**PROBLEM TO SOLVE**
Data follows below. Repeat exactly the lines between the line holding "SYMPTOM TROUBLESHOOTING CHART" and the line holding "Bota Texana Cano", inclusive, and nothing more; drop pictures.

**AVAILABLE DATA**

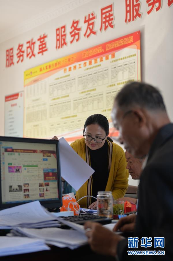 開(kāi)弦弓村婦女主任周春燕(左一)在村部和同事們一起處理村務(wù)(10月23日攝)。“80后”周春燕是土生土長(zhǎng)的開(kāi)弦弓村村民,大學(xué)畢業(yè)后回村工作,每天活躍在村里的大街小巷。  新華社記者 尹棟遜攝
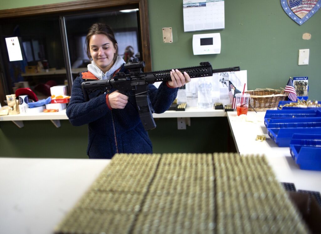 Emily Cooke stopped by Maine Ammo on Thursday morning to pick up ammunition for her husband, who owns a handgun and an AR-15 rifle. She said they normally buy online, but prices have skyrocketed lately, “and we’ve been discussing how we want to support local businesses anyway.”
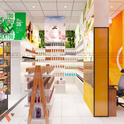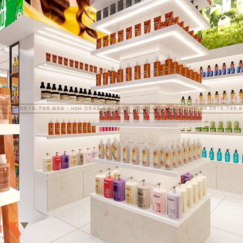Khu vực trưng bày mỹ phẩm, dầu gội có thiết kế với gam màu chủ đạo riêng, tạo dấu ấn rất đặc trưng. Đèn LED được setup bên trong các ngăn tủ để làm nổi bật cho sản phẩm khi trưng bày.
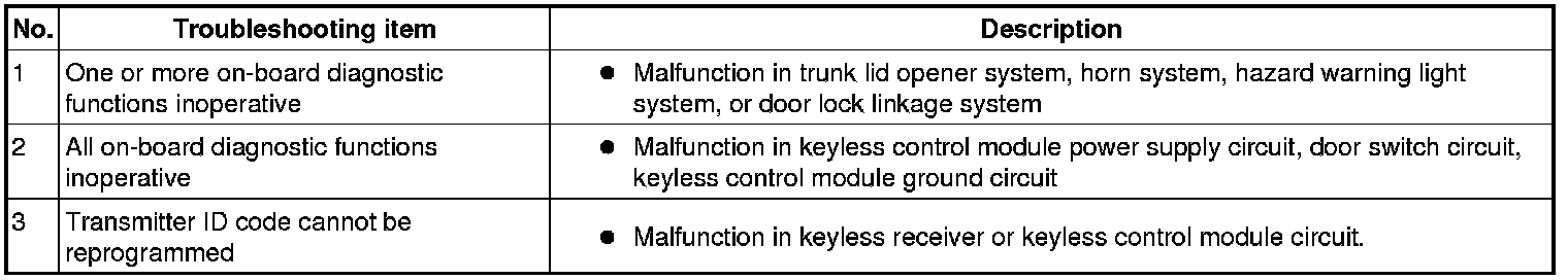 SYMPTOM TROUBLESHOOTING CHART [KEYLESS ENTRY SYSTEM]
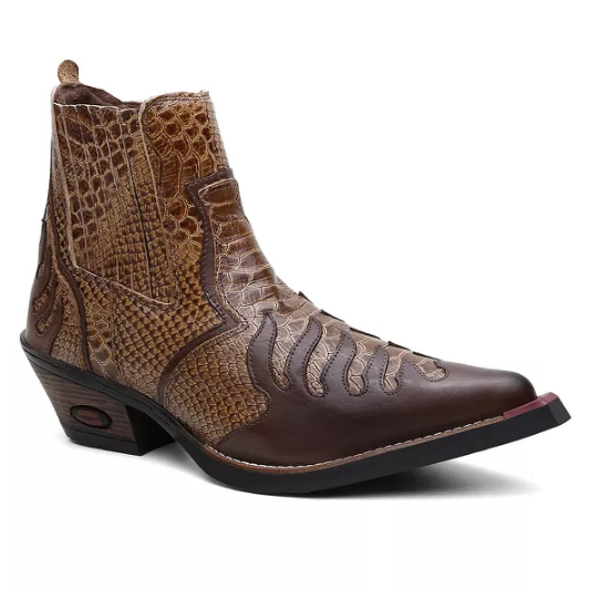 Bota Texana Cano Curto Bico Fino Brandit Jacaré Verniz Masculino
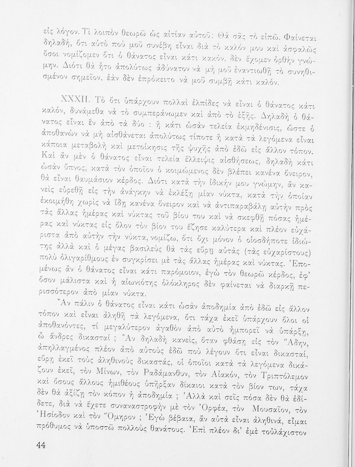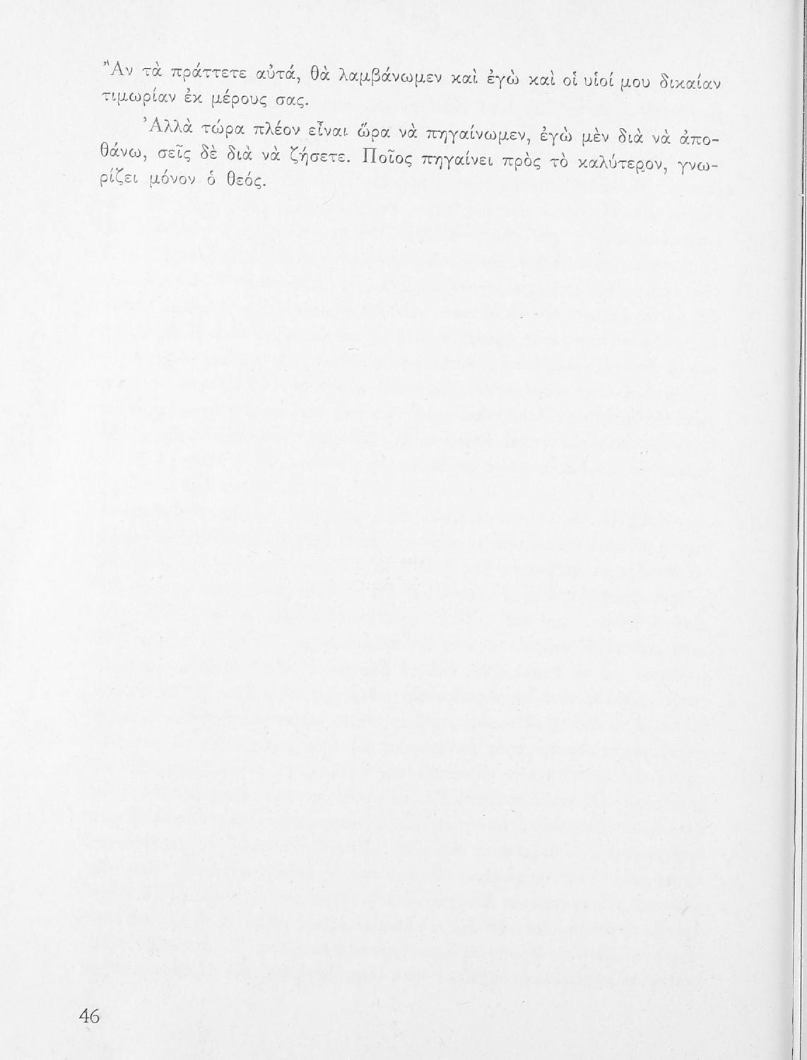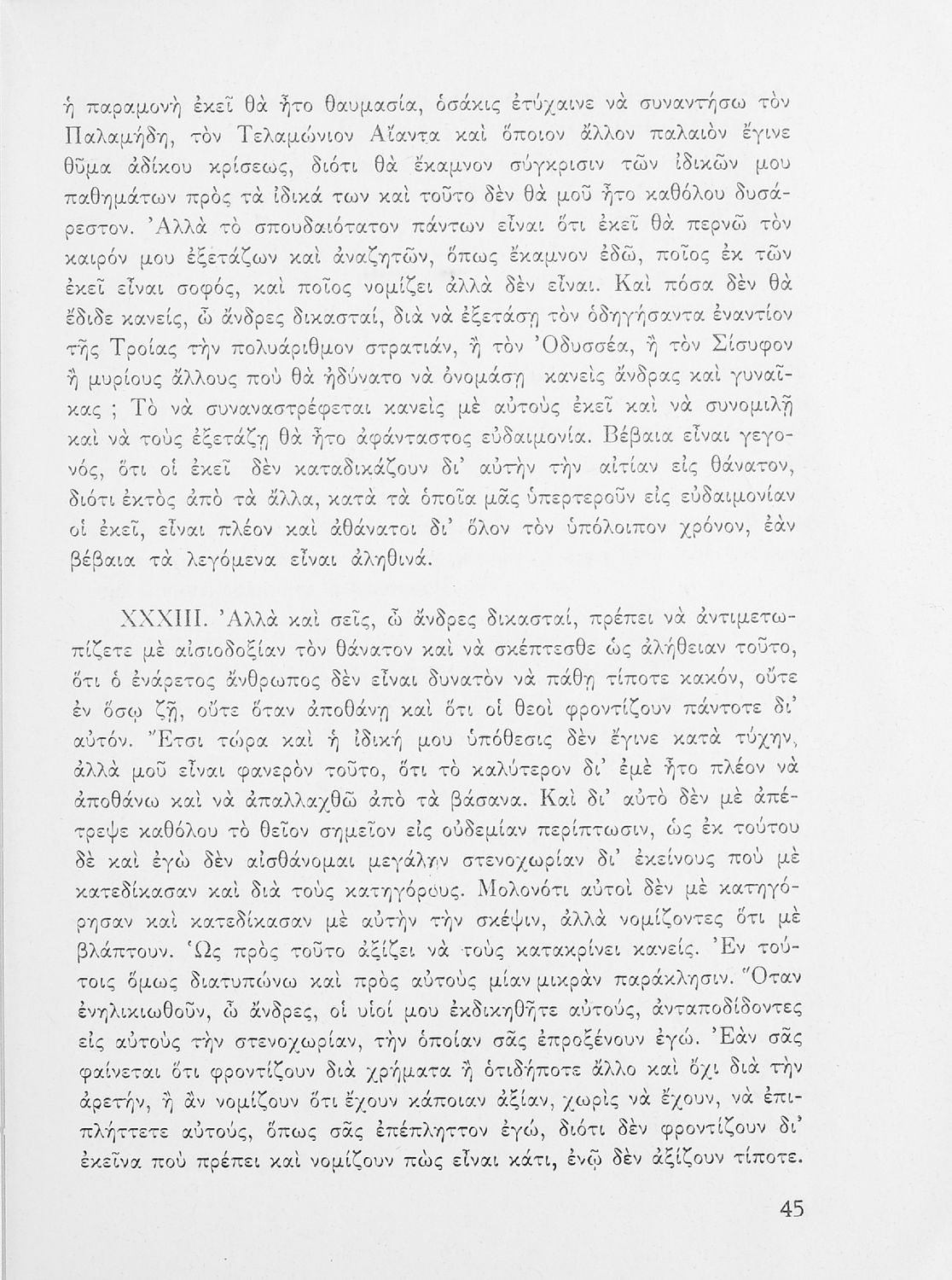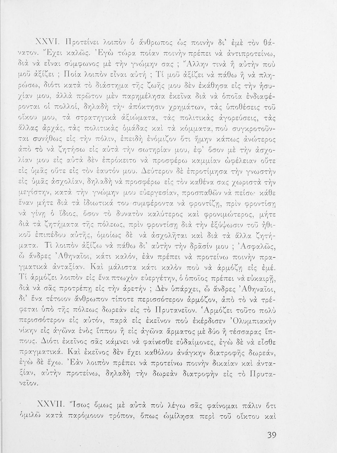 Σχολικό εγχειρίδιο Αρχαίων Ελληνικών που περιλαμβάνει έργο του Πλάτωνα και σημειώσεις του συγγραφέα. Τα κείμενα είναι μετάφραση από το πρωτότυπο. Στο βιβλίο υπάρχει το σύμβολο της επταετίας.
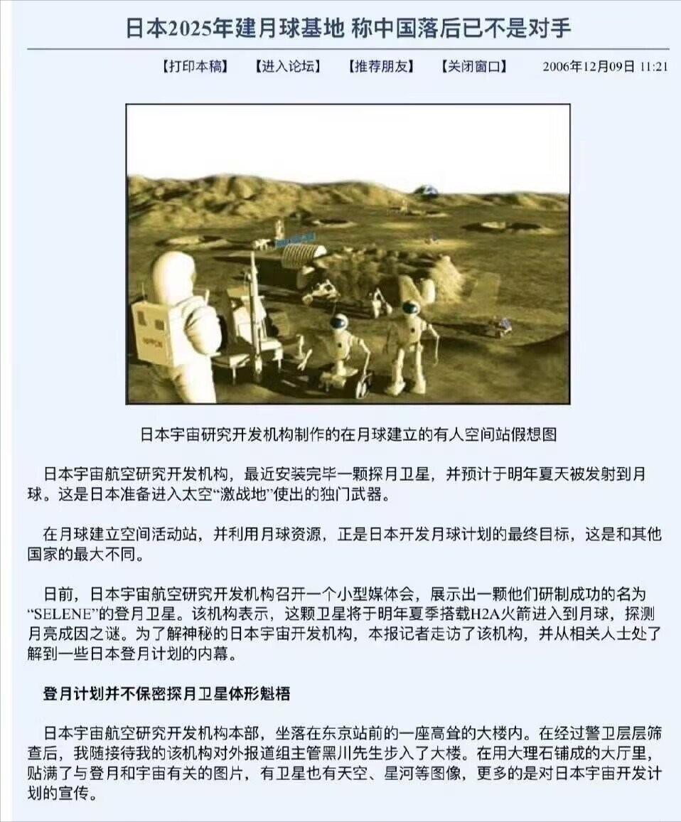 今天是日本建立月球基地的最后一天! 今天是2025年的最后一天,也是日本在2006年高调宣布的“登月建立基地”的截止日。 现在抬头看看夜空里的月亮,那里没有日本的基地,甚至连一个能稳定工作的日本设备都找不到。 这场持续近20年的太空豪言,最终以悄无声息的落空收尾,背后藏着的不只是一个国家的航天梦碎,更暴露了国际太空竞争里最真实的生存法则。 大家可能不知道,2006年的日本在航天领域野心有多足。 当时他们刚整合了三个顶尖航天机构,成立了拥有3000多名研究员、400位博士的宇宙航空研究开发机构,还在全球多地设了办事处。 面对神舟六号的成功,日本航天机构负责人直言不讳:中国的飞速发展给了他们很大刺激,甚至把中国当成了主要竞争对手。 媒体更是高调夸耀自家卫星比中国、印度的个头大、精度高,仿佛月球基地已是囊中之物。 那时的日本不仅喊出了2025年建月球基地的目标,还规划了详细的技术路径:先搞月面软着陆,再派探测器收集数据,最后实现有人驻留。 可理想有多丰满,现实就有多骨感。 从1990年第一次探月任务卫星失控坠毁,到2025年“坚韧”号着陆器硬着陆溅出16米大坑,三十多年里日本探月七连败,连最基础的软着陆都没彻底搞定,就更别说建基地了。 就说今年失败的“坚韧”号,问题出得让人哭笑不得。 高度计出现异常,直接错过了减速时机,说白了就是关键设备没扛住月球近300℃的极端温差。 后来才知道,这台美制激光测距仪压根没经过月球环境测试,他们就想把工业级仪器直接搬到太空用,这种技术投机最终付出了惨痛代价。 更核心的问题是日本探月技术体系的“万国牌”困境,70%的电子元件依赖进口,导航软件是美日混合开发,连发射都得靠美国SpaceX的火箭。 这种拼凑出来的技术架构,兼容性问题频发,就像用不同品牌的零件攒出来的汽车,跑起来迟早出故障。 反观中国嫦娥三号的同类设备,经过2000次高低温循环测试,才能稳稳当当在月面着陆,这就是踏实研发和投机取巧的差距。 战略上的朝三暮四更是致命伤,1996年说30年内建月球基地,2005年规划2015年发射月球机器人,2025年建载人飞船,这些目标一个个都成了空谈。 最新又改成2030年“傍着美国”登月,想靠参与美国主导的太空港项目蹭上月球,可美国自己的预算都砍了60亿美元,连原定的月球轨道空间站都可能取消。 日本这个“搭车计划”能不能成,还是个未知数。 财政上的捉襟见肘也让计划难以为继,日本航天年度预算只有约13.4亿美元,不到美国NASA的十分之一,连维持基础研发都费劲,更别说支撑月球基地这种烧钱的大项目。 其实不止日本,月球基地从来都不是随便喊喊就能实现的。 光一个月壤砖,就需要反复测试配方和寿命,还得建月球工厂批量生产,更别说多次发射运输物资、降低地月运输成本这些难题。 这些都需要长期稳定的投入和技术积累,不是靠一时冲动就能实现的。 太空探索从来没有捷径,更容不得半点投机取巧,日本总想走“拿来主义”的捷径,依赖进口零件和外国技术,结果就是核心技术卡脖子,关键时刻掉链子。 而中国航天之所以能稳步前进,从嫦娥探月到月壤打砖机器研制成功,靠的就是自主创新,一步一个脚印地攻克技术难关,这种踏实做事的态度,才是航天探索的根本。 国家重大战略需要长期定力,近20年里日本航天目标换了一个又一个,政策摇摆不定,资源和精力都被分散。 国际太空竞争的本质是综合国力的比拼,航天领域的每一点进步,都需要强大的经济实力、工业基础和人才储备做支撑。 太空是全人类的共同财富,探索月球的目的不是为了争夺霸权,而是为了拓展人类的认知边界,造福全人类。 日本的失败案例提醒我们,任何宏大的太空梦想,都必须建立在脚踏实地的研发和长期稳定的投入上,投机取巧、急功近利最终只会竹篮打水一场空。 【评论区聊聊】只有坚持自主创新、保持战略定力、秉持开放合作,才能在太空探索的道路上走得更远更稳。 (信源:日本欲2025年建月球基地 官员称中国已落后——北方网)

**TASK OUTPUT**
 SYMPTOM TROUBLESHOOTING CHART [KEYLESS ENTRY SYSTEM]
 Bota Texana Cano Curto Bico Fino Brandit Jacaré Verniz Masculino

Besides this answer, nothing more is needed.